If the scoped B4 is correct, governance frameworks should:
1. **Mandate** formal verification for AI systems operating in formalizable domains (code, math, logical inference)
2. **Mandate** representation monitoring (specifically multi-layer ensembles) for closed-source AI deployments — but NOT for open-weights deployments where it creates attack surface (per SCAV)
3. **Maintain humility** that the hard core of alignment verification (values, intent, deception) remains unsolved and coordination mechanisms are structurally required

This produces a different policy recommendation than un-scoped B4, which would say "all technical verification fails, only coordination works."

## Agent Notes

**Why this matters:** B4 has been cited as motivation for collective superintelligence approaches (if verification fails, distributed human oversight is necessary).

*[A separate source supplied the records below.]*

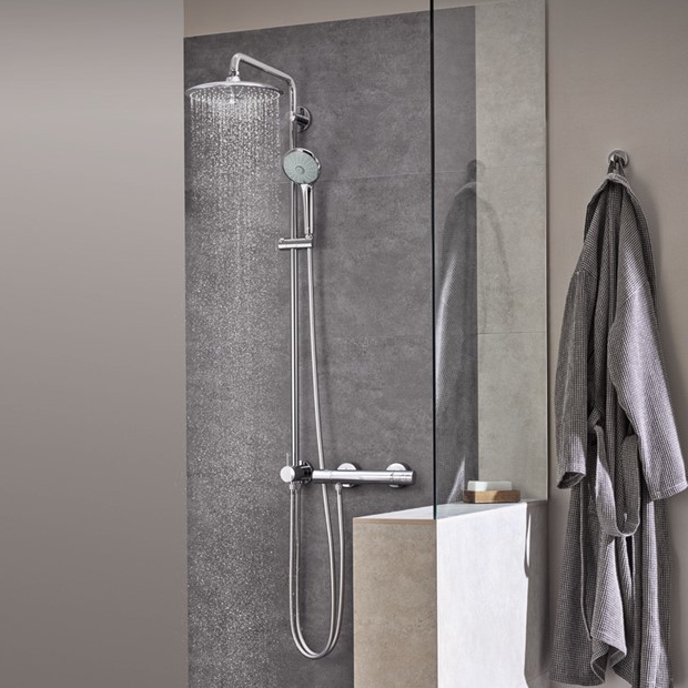 グローエ、ハンスグローエなどのオーバーヘッドシャワー・水栓金具がオールインワンのシャワーシステム。
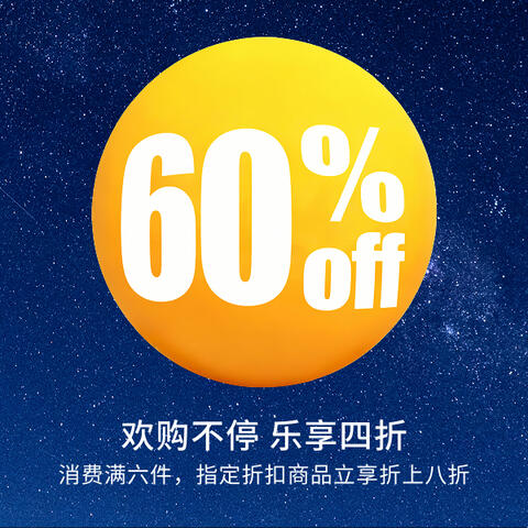 欢购不停 乐享四折|消费满六件指定折扣商品立享折上八折,更有额外甄选热门商品低至三折*,即刻选购!
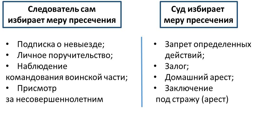 Как мы видим, самые серьезные меры пресечения назначаются только через суд. Все остальные меры следователь назначает сам.
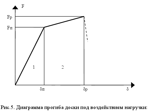 а также энергию динамического разрушения доски: Wp = 1,1Fп δп (kδ – 0,54) = 1,6 Fр δп (13),
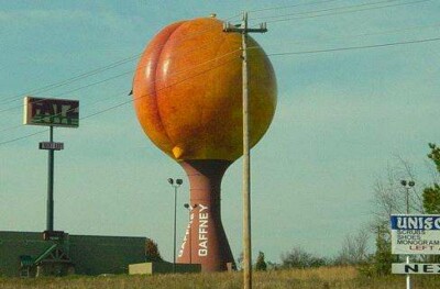 桃子水塔建造于1981年,由钢铁和混凝土制成,具有完整的桃型结构,包括叶子、茎以及桃子上那条非常有趣的折痕。桃子水塔有四层楼、150英尺高,为世界上最大的桃子模型,可容纳100万加仑的水,在几英里外就可观赏到这座巨大的桃子水塔。桃子水塔的身影也经常出现的荧幕上,电影《迷失美国》和美国电视连续剧《纸牌屋》的部分场景就是在此取景。
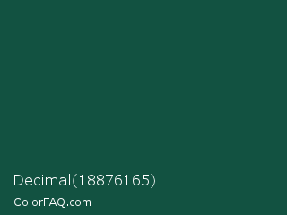 Decimal 18876165 Color is a very dark cyan color and the nearest color is Brunswick Green #1b4d3e. Hex code #125241 and RGB value is rgb(18,82,65). In RGB color space, this color is composed of 7% red, 32% green, 25% blue, In CMYK color space, this color is composed of 78% cyan, 0% magenta, 21% yellow , 68% black , In HSL color space, this color has a hue angle of 164° , 64% saturation and 20% lightness.
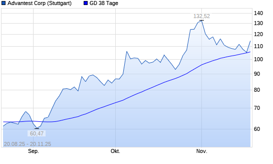 Mit dem Rücksetzer auf 104,76 EUR hat die Advantest-Aktie am 19.11.2025 die 38-Tage-Linie nach unten gekreuzt.
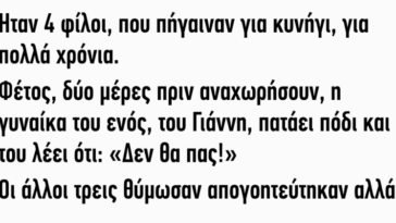 in Ιστορίες Ήταν 4 φίλοι που πήγαιναν για κυνήγι για πολλά χρόνια. Φέτος, δύο μέρες πριν αναχωρήσουν, η γυναίκα του ενός, του Γιάννη, πατάει πόδι και του λέει ότι: “δεν θα πάς!”
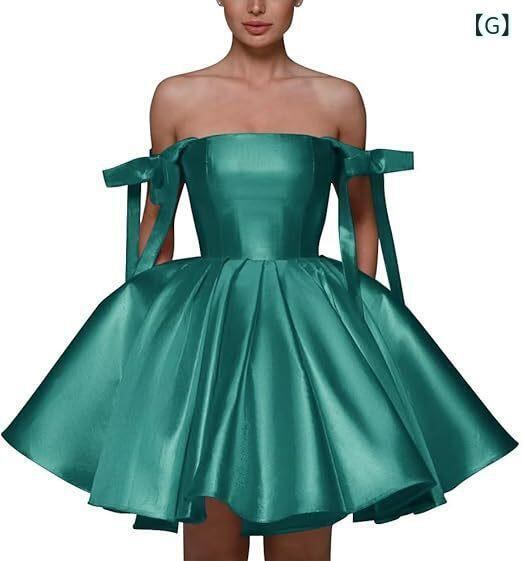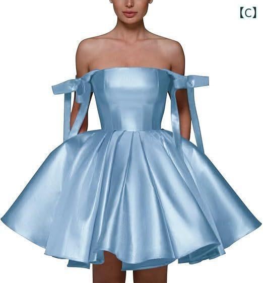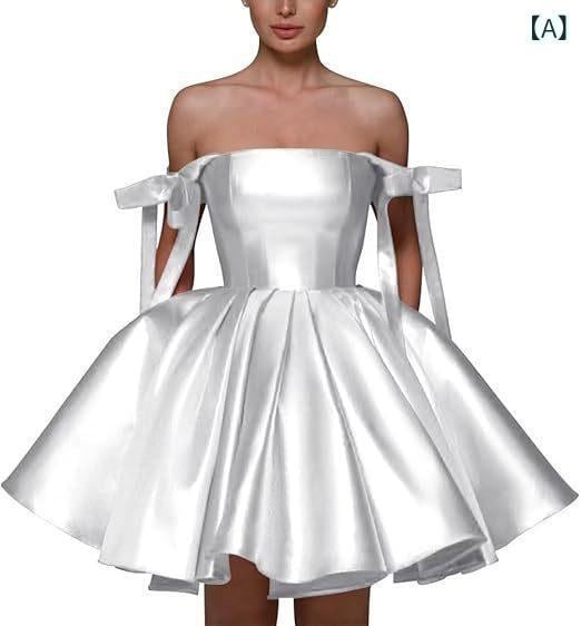 ドレス レディース オフショルダー ウェディングドレス 低身長 花嫁 清楚 上品 パーティードレス ショート丈 ミニ丈 Aライン 結婚式 披露宴 二次会 お呼ばれ 演奏会 発表会 ホワイト エレガント サマー ポリエステル素材 ノースリーブ
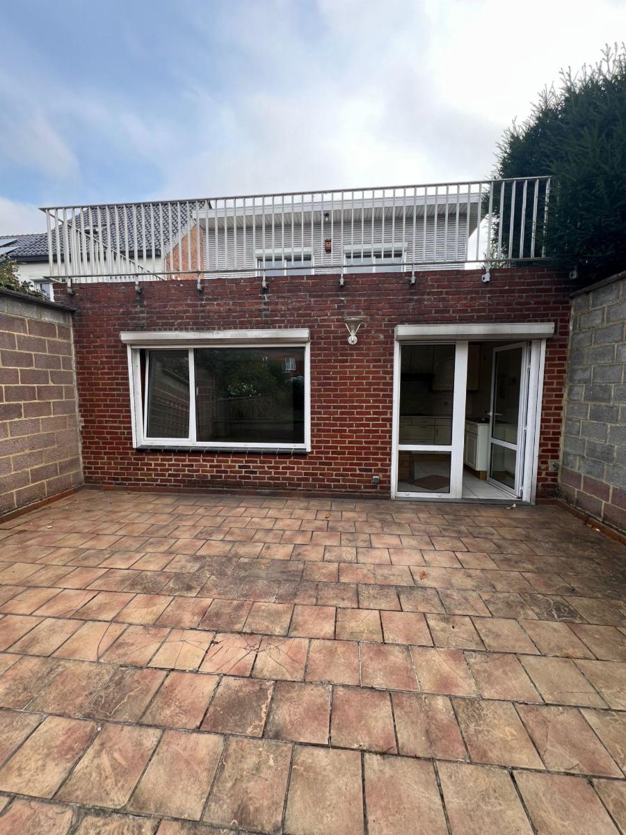 Baies vitrées en aluminium, double vitrage et volets à l'arrière. (PEB F).

The scope qualifier complicates this: some technical verification works, which means the policy prescription is more nuanced than "all technical approaches fail." This could be read as weakening the case for collective approaches — but actually it strengthens it, because the qualifier identifies precisely WHERE technical verification fails (the alignment-relevant core) while conceding where it works (formalizable domains).

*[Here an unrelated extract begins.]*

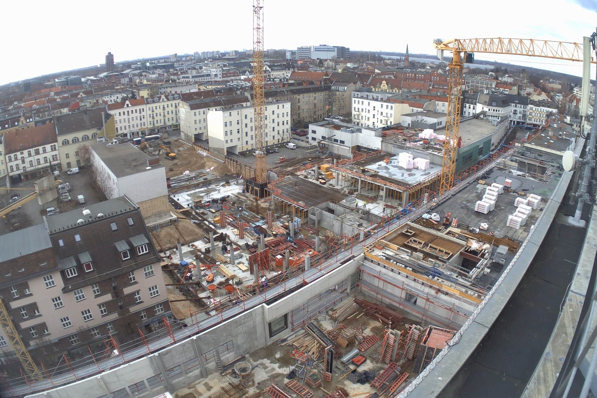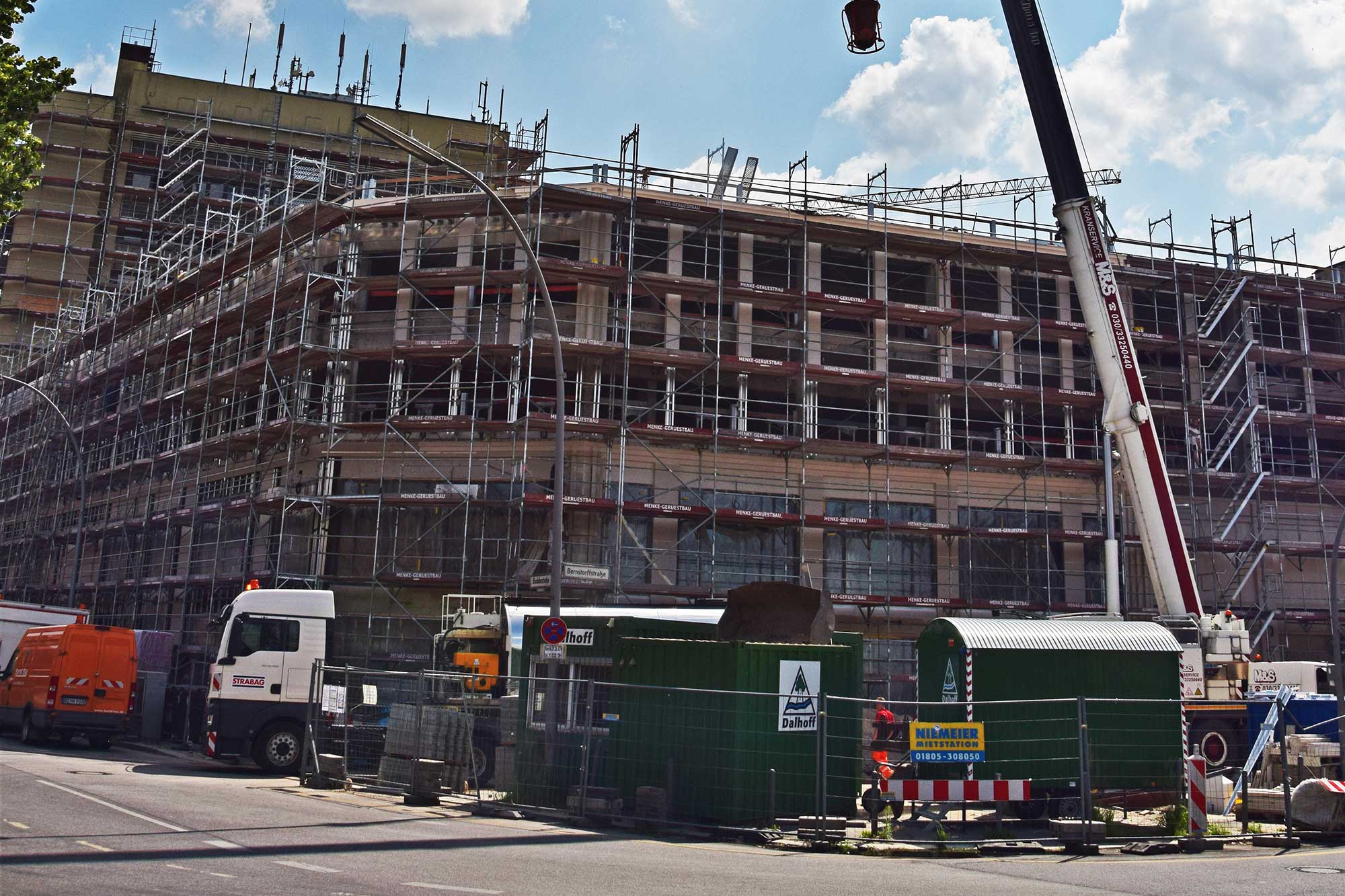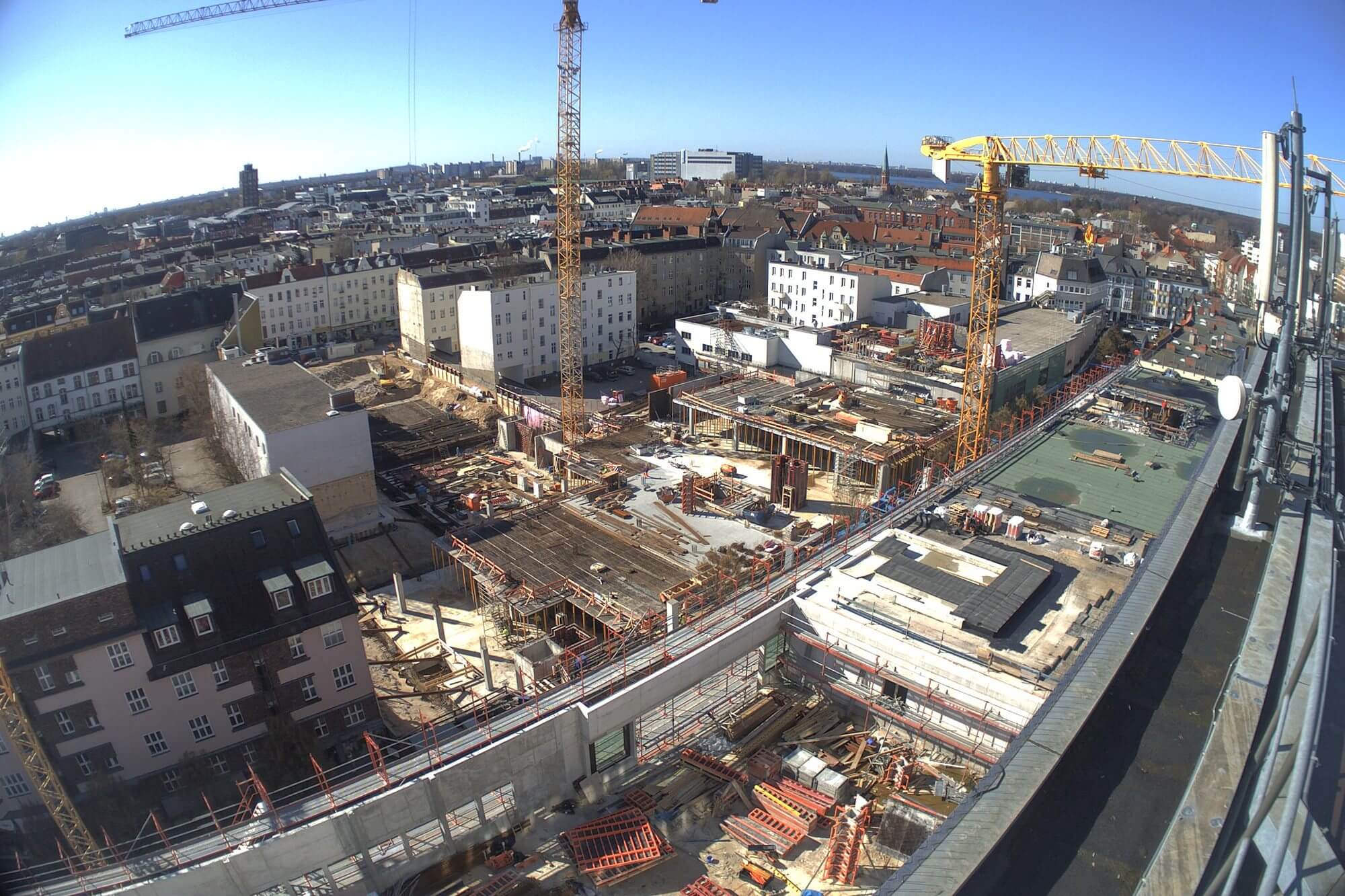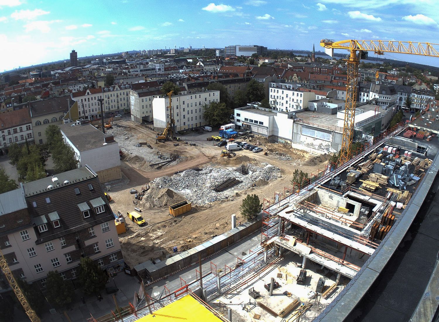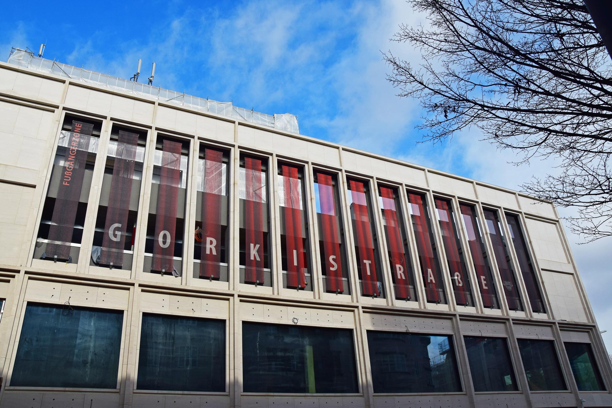 Im Bauteil Süd erfolgte eine Grundwasserabsenkung, um die Tiefbauarbeiten aufnehmen zu können. Im Bauteil Nord schreitet die Fassadengestaltung der Karstadt-Fläche an der Gorkistraße weiter voran. Nach Fertigstellung der sogenannten Pfosten-Riegel-Fassade wurden die Natursteinarbeiten aufgenommen. Darüber hinaus ist die Aufstockung von der ersten Etage bis dritten Obergeschoss finalisiert worden

**What surprised me:** The three independent exceptions all hold in different domains and through different mechanisms — there's no single unifying reason for the exception. This suggests B4 is a domain-general claim that happens to have domain-specific carve-outs, rather than a structural claim that's wrong at the fundamental level.

**What I expected but didn't find:** Any verification approach that works for the alignment-relevant core (values, intent, long-term consequences). Every exception is for proxy domains. The alignment core remains technically unverifiable. B4 holds where it matters.

**KB connections:**
- `[[scalable oversight degrades rapidly as capability gaps grow with debate achieving only 50 percent success at moderate gaps]]` — primary empirical support for B4 (holds without qualification)
- `[[formal verification of AI-generated proofs provides scalable oversight that human review cannot match because machine-checked correctness scales with AI capability while human verification degrades]]` — the established exception
- `[[multi-layer-ensemble-probes-outperform-single-layer-by-29-78-percent]]` — the conditional exception
- `divergence-representation-monitoring-net-safety` — the open divergence this synthesis helps clarify
- `[[human-in-the-loop clinical AI degrades to worse-than-AI-alone because physicians both de-skill from reliance and introduce errors when overriding correct outputs]]` — cross-domain B4 confirmation

**Extraction hints:**
- PRIMARY ACTION: Update B4 belief file to add scope qualifier. This is a belief update, not a new claim extraction.
- SECONDARY: Consider a new claim: "Verification degradation is concentrated in human cognitive oversight and behavioral evaluation — the mechanisms that matter most for alignment — while formal verification and representation monitoring for closed-source deployments are genuine scaling exceptions that do not reach the alignment-relevant core."
- Do NOT extract as fully disconfirming B4. The qualification is real but the core claim holds for all alignment-relevant verification.

**Context:** Synthetic analysis by Theseus, Session 37. Synthesizes evidence from Sessions 24-37. No new primary sources — this is a consolidation of work deferred across three sessions.

## Curator Notes (structured handoff for extractor)

PRIMARY CONNECTION: B4 belief file (`agents/theseus/beliefs.md`) — specifically the challenges considered and disconfirmation target sections

WHY ARCHIVED: Three sessions of deferred scope qualification work. The qualifier is now fully developed and has evidence from three independent exception domains. Ready for belief update PR.

EXTRACTION HINT: The extractor should UPDATE the B4 belief entry in `agents/theseus/beliefs.md`, not create a standalone claim. Add the scope qualifier under "Challenges considered" and update the "Disconfirmation target" section to reflect the scoped nature of the exceptions. If a standalone claim is also warranted, scope it carefully to avoid appearing to disconfirm what B4 actually claims.